The requirements for uniform resource names (URNs) fit within the
overall architecture of Uniform Resource Identification. In order to
build applications in the most general case, the user must be able to
discover and identify the information, objects, or what we will call
in this architecture resources, on which the application is to
operate. Beyond this statement, the URI architecture does not
define "resource." As the network and interconnectivity grow, the
ability to make use of remote, perhaps independently managed,
resources will become more and more important. This activity of
discovering and utilizing resources can be broken down into those
activities where one of the primary constraints is human utility and
facility and those in which human involvement is small or nonexistent.
Human naming must have such characteristics as being both mnemonic and
short. Humans, in contrast with computers, are good at heuristic
disambiguation and wide variability in structure. In order for
computer and network based systems to support global naming and
access to resources that have perhaps an indeterminate lifetime, the
flexibility and attendant unreliability of human-friendly names
should be translated into a naming infrastructure more appropriate
for the underlying support system. It is this underlying support
system that the Internet Information Infrastructure Architecture
(IIIA) is addressing.
Within the IIIA, several sorts of information about resources are
specified and divided among different sorts of structures, along
functional lines. In order to access information, one must be able
to discover or identify the particular information desired,
determined both how and where it might be used or accessed. The
Sollins & Masinter [Page 1]
INTERNET-DRAFT Requirements for Uniform Resource Names Sept. 10,1994
partitioning of the functionality in this architecture is into
uniform resource names (URN), uniform resource characteristics (URC),
and uniform resource locators (URL). A URN identifies a resource or
unit of information. It may identify, for example, intellectual
content, a particular presentation of intellectual content, or
whatever a name assignment authority determines is a distinctly namable
entity. A URL identifies the location or a container for an instance
of a resource identified by a URN. The resource identified by a URN
may reside in one or more locations at any given time, may move, or
may not be available at all. Of course, not all resources will move
during their lifetimes, and not all resources, although identifiable
and identified by a URN will be instantiated at any given time. As
such a URL is identifying a place where a resource may reside, or a
container, as distinct from the resource itself identified by the
URN. A URC is a set of meta-level information about a resource.

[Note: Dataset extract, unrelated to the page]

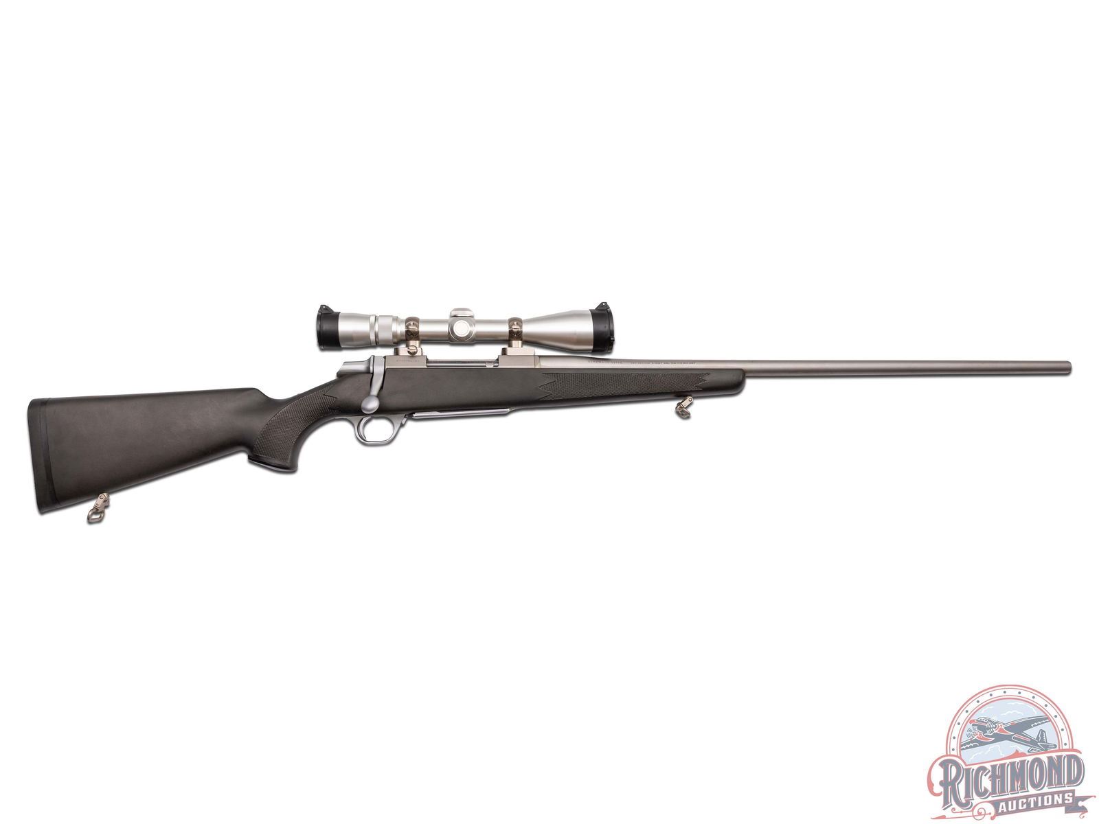 Made in Japan by Browning in 1993. 26" stainless round tapered sightless barrel in 7M/M Rem Mag caliber with Browning address and caliber marking. Stainless A-Bolt action with stream-lined bolt and standard trigger. Action fitted with stainless finish Nikon 3-9x-40mm scope with Duplex reticle and Butler Creek caps. Stainless trigger guard and detachable floorplate with gold washed Browning Deer Head Logo. Synthetic black checkered stock with stainless detachable swivels and Browning hard rubber recoil pad. LOP: 13-3/4". DAC: 1-1/4". DAH: 2". CALIBER: 7M/M Rem Mag. S/N: 97499NX757. FFL STATUS: Modern.

Some examples of such meta-information are: owner, encoding, access
restrictions (perhaps for particular instances), cost.
With this in mind, we can make the following statement:
o The purpose or function of a URN is to provide a globally unique,
persistent identifier used for recognition, for access to
characteristics of the resource or for access to the resource
itself.
More specifically, there are two kinds of requirements on URNs:
requirements on the functional capabilities of URNs, and requirements
on the way URNs are encoded in data streams and written
communications.
2. Requirements for functional capabilities
These are the requirements for URNs' functional capabilities:
o Global scope: A URN is a name with global scope which does not
imply a location. It has the same meaning everywhere.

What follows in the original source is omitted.